Ma noi cittadini veniamo chiamati a guardare il dito piuttosto che la luna. Se è vero che in questo frangente le posizioni del direttivo sono condivisibili, non si può trascurare il suo percorso, sempre più proteso a garantire e proteggere gli interessi di otto comuni (quasi il 10% della popolazione dell’Ambito) in assenza di requisiti, piuttosto che i legittimi interessi dell’intera popolazione. Ne si può consentire a qualsiasi Comune di arrivare ad emendare un documento dopo nove mesi dalla sua scadenza temporale ed in presenza di un Commissario che è stato nominato apposta per farlo.
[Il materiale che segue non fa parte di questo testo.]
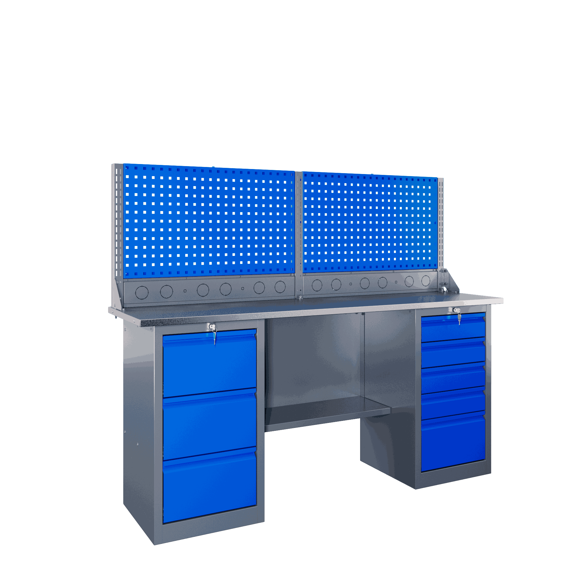 Задумайтесь о нагрузках: распределенная нагрузка достигает внушительных 500 кг, а вместительные ящики в тумбах выдерживают до 45 кг каждый. Габариты 1473x1800x500 мм (ВхШхГ) позволяют удобно размещать крупногабаритные детали. Ключевая особенность — столешница из фанеры толщиной 24 мм, усиленная оцинкованной сталью 1,2 мм. Такое покрытие не боится коррозии, воздействия масел и механических повреждений, а классическая перфорация 12х12 мм с шагом 38 мм позволяет использовать упоры для точной фиксации заготовок.

E’ storia, ad Agrigento, che le sofferenze, i disagi, i patimenti, in tema di Servizio Idrico Integrato hanno trovato nel vecchio Gestore un colpevole da sbattere sulle prime pagine dei giornali, ma per quanto ci riguarda l’Ato ieri, i Commissari Regionali che si sono succeduti nel tempo e l’Ati, dal 2016 ad oggi, hanno gravissime responsabilità nell’aver reso il servizio quello che è oggi. Da sempre lamentiamo un piano tariffario tra i più esosi d’Italia, ma a meno di piccoli e non risolutivi interventi di sostituzione condotte (Ribera, Castrofilippo e Licata), nient’altro si è fatto per abbassare lo scandaloso volume di perdite che registriamo nel nostro Ambito, con punte che superano abbondantemente il 60 %. Si sarebbero dovute reperire nuove risorse idriche, per abbassare gli acquisti di acqua da Siciliacque, ma ci si è guardati bene dall’andare a prenderla dove certamente c’è, ovvero da quei comuni che tuttora gestiscono in autonomia senza misurare l’acqua in uscita dalle fonti e senza misurarla nelle utenze, questo testimonia il Piano d’Ambito. Si è arrivati ad avere in totale 14 depuratori sequestrati dalla Magistratura (ma chi doveva controllare, malgrado ripetute denunce dov’era?) per alto tasso d’inquinamento e per pregiudizio alla salute pubblica, ma quando l’Ati si è mossa, con estremo ritardo, la frittata era fatta e per molti comuni la frittata è ancora fumante sul tavolo.
L’Ati ha spedito la lettera di risoluzione contrattuale al vecchio Gestore il 6 dicembre 2018 e per delle operazioni che avrebbero dovuto impiegare al massimo sei mesi di tempo, dopo quasi due anni e quattro mesi ci trasciniamo dietro l’approvazione dello Statuto di un’Azienda Speciale Consortile, in un primo momento fortemente osteggiata dagli stessi componenti dell’Assemblea. Dopotutto a qualcuno la voglia di una “bella “ Spa, con la presenza ovviamente di privati dentro, non è ancora passata.
Lontani da ogni ipocrisia diciamo che non andava bene l’operato di Ati prima e ancor meno va bene adesso che arrivano le spallate per far saltare il banco. Dobbiamo aggiungere che ogni qual volta il Direttivo minacci dimissioni o si trovi in difficoltà, scendono in campo le truppe del Forum a dar manforte, purtroppo silenti nei confronti delle numerose illegittimità deliberate dall’Ati o dell’immobilismo della Commissaria, quando esse vanno in direzioni “gradite” anche se a danno degli interessi dell’intera collettività. Il quadro a ben vedere diventa ogni giorno più preoccupante, specie da quando ci sono in ballo gli annunciati 500 milioni di investimenti da spendere. Chi dovrà gestirli? Che strano e problematico posto è il nostro!